Durante o discurso de posse, Anderson Borges agradeceu a confiança recebida nas urnas e afirmou que exercerá o mandato com compromisso e responsabilidade. “Hoje assumo a vereança humildemente, com gratidão e um profundo senso de responsabilidade. Dedico este momento a cada pessoa que acreditou em mim. Chego consciente de que o trabalho é árduo, o desafio é grande e o caminho exige esforço, seriedade e, acima de tudo, união. Mas também chego com a firme convicção de que a política só vale quando serve para transformar a vida das pessoas”, declarou.

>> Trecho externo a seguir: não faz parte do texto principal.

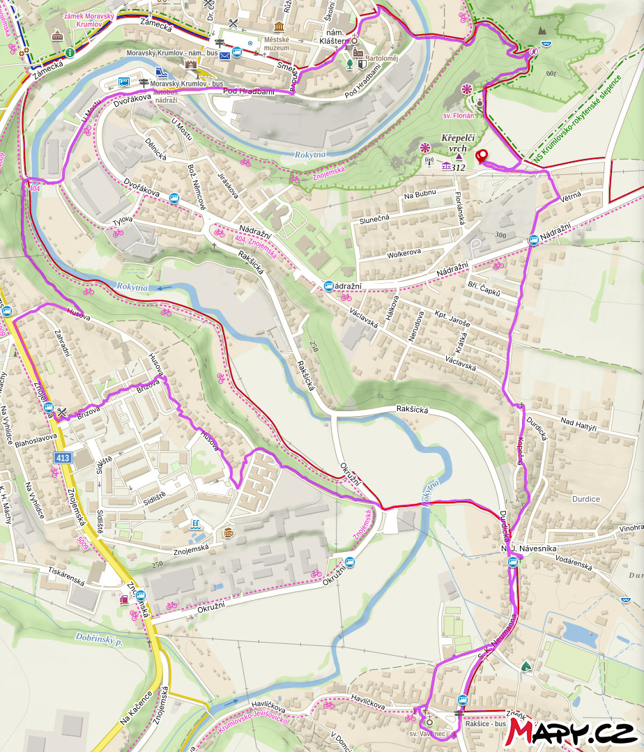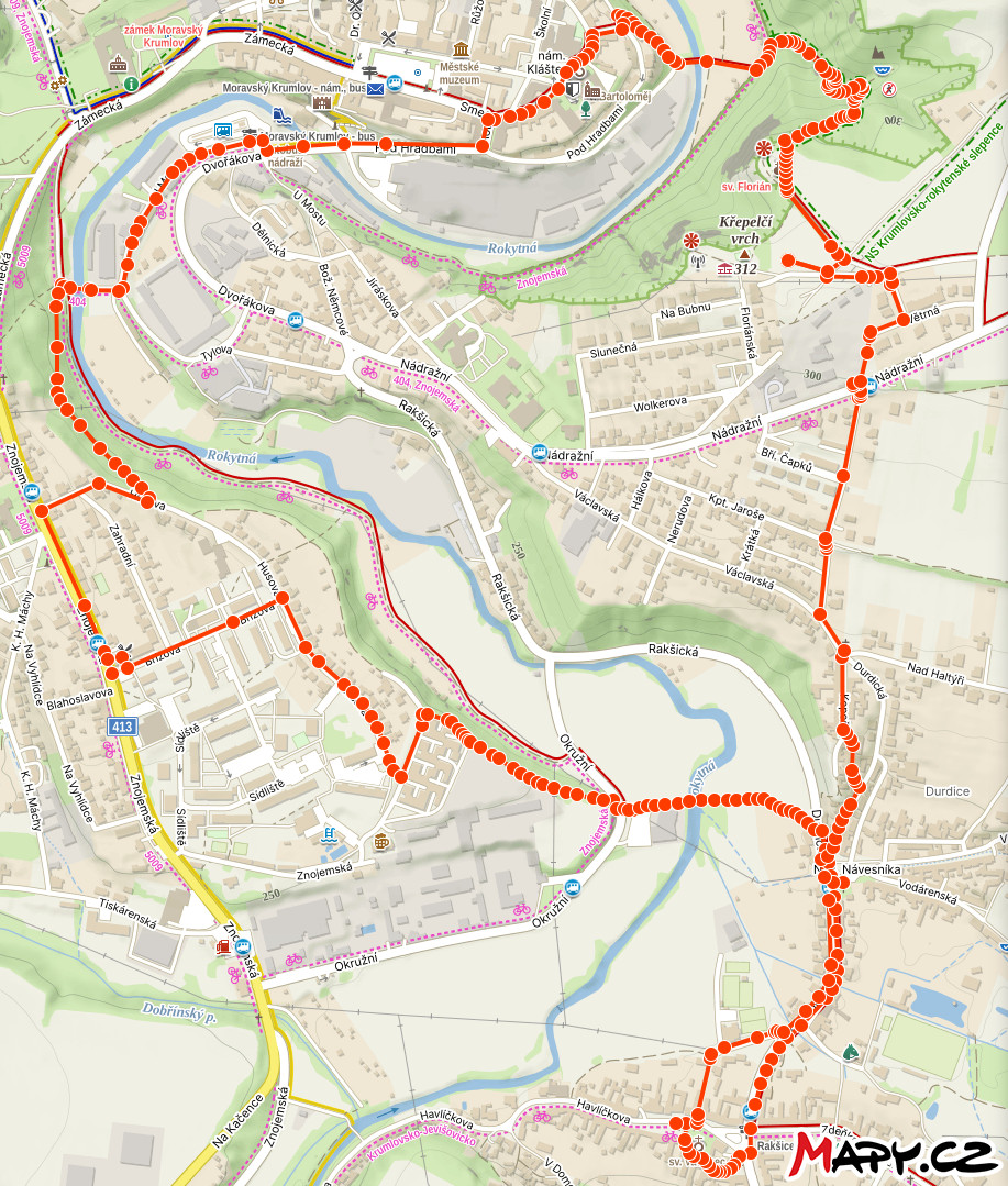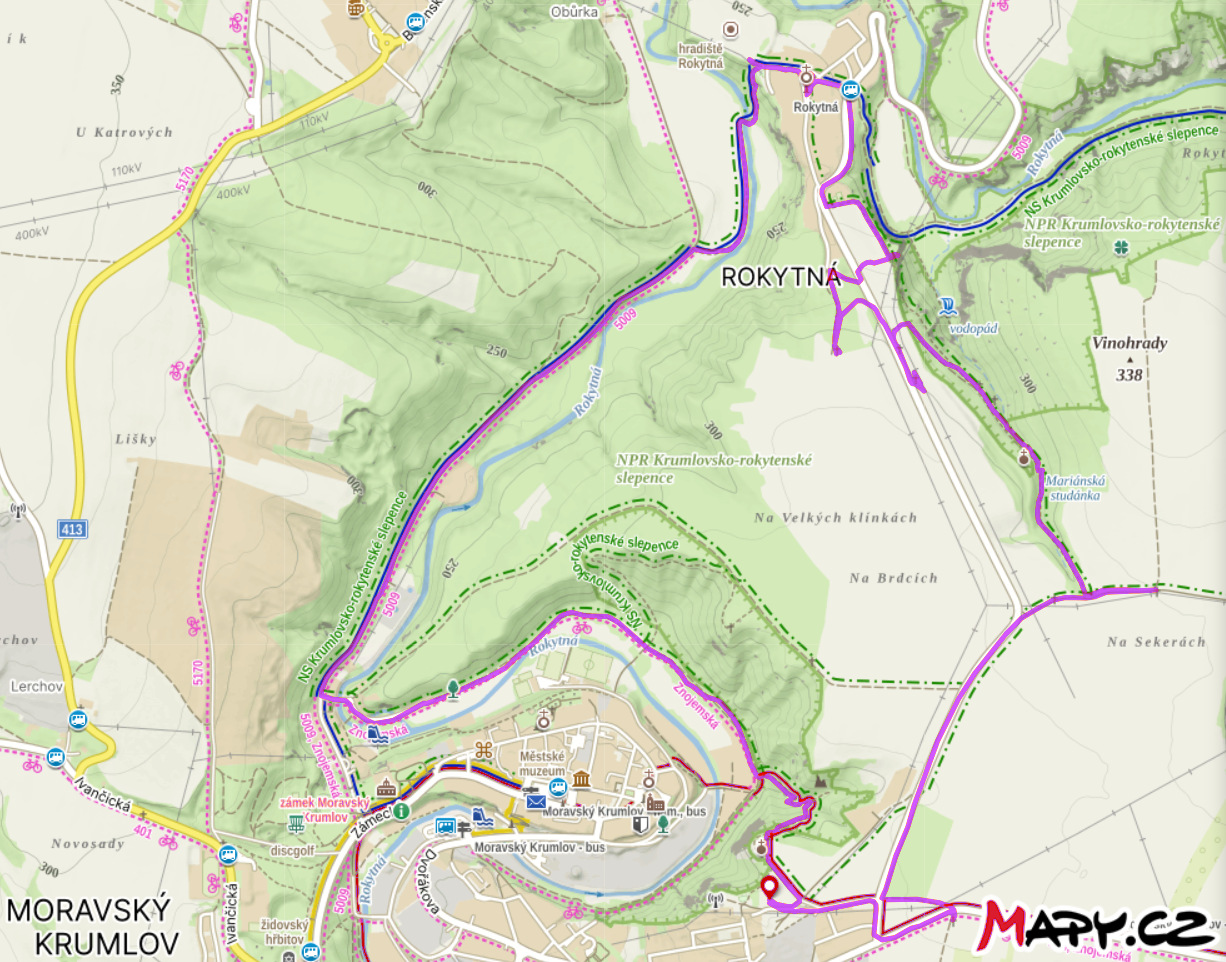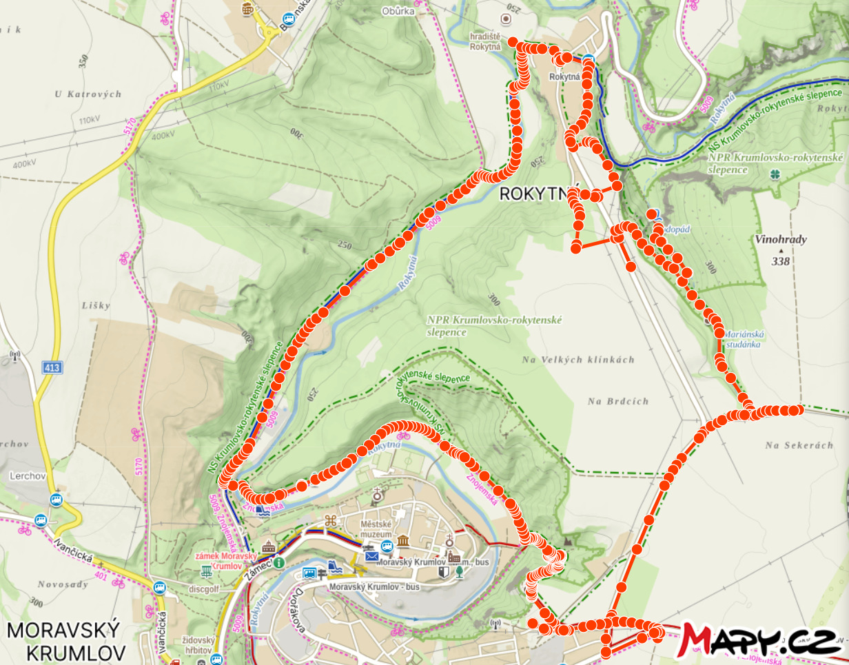Místa na trase: Moravský Krumlov, Národní přírodní rezervace Krumlovsko-rokytenské slepence, Naučná stezka Krumlovsko-rokytenské slepence, Duby v podzámčí (významné stromy), Hradiště Rokytná, Rokytná, Kostel sv. Leopolda, Památník obětem první světové války, Vyhlídkové místo, Kaplička, k vodopádu jsme se nedostali, nebylo kudy, Křížky (něco jako křížová cesta), Studánka Mariánský Pramen Spodní, Kaple Panny Marie, Mariánská Studánka, Moravský Krumlov, Jez pod hradbami, Restaurace U Blondýny, Rakšice, Památník obětem světových válek, Kostel sv. Vavřince, Socha sv. Jana Nepomuckého, Pamětní deska padlým členům TJ Orel, Boží muka a křížky.

Titular da cadeira, André Campos fez questão de acompanhar a posse e celebrar a chegada de Borges. Ele ressaltou que os desafios do Parlamento são significativos, mas afirmou ter confiança na atuação do colega. “Tenho certeza de que Anderson Borges fará um grande trabalho, não só pela comunidade do Vinhais e pela comunidade católica, mas por toda São Luís”, afirmou.
O vereador Edson Gaguinho (PP) também celebrou a chegada do novo parlamentar, desejando sucesso em seu mandato. “A nossa cidade precisa de pessoas jovens como você, pessoas que têm boas ideias. Tenho certeza de que você vai contribuir muito com a Câmara Municipal”, enfatizou.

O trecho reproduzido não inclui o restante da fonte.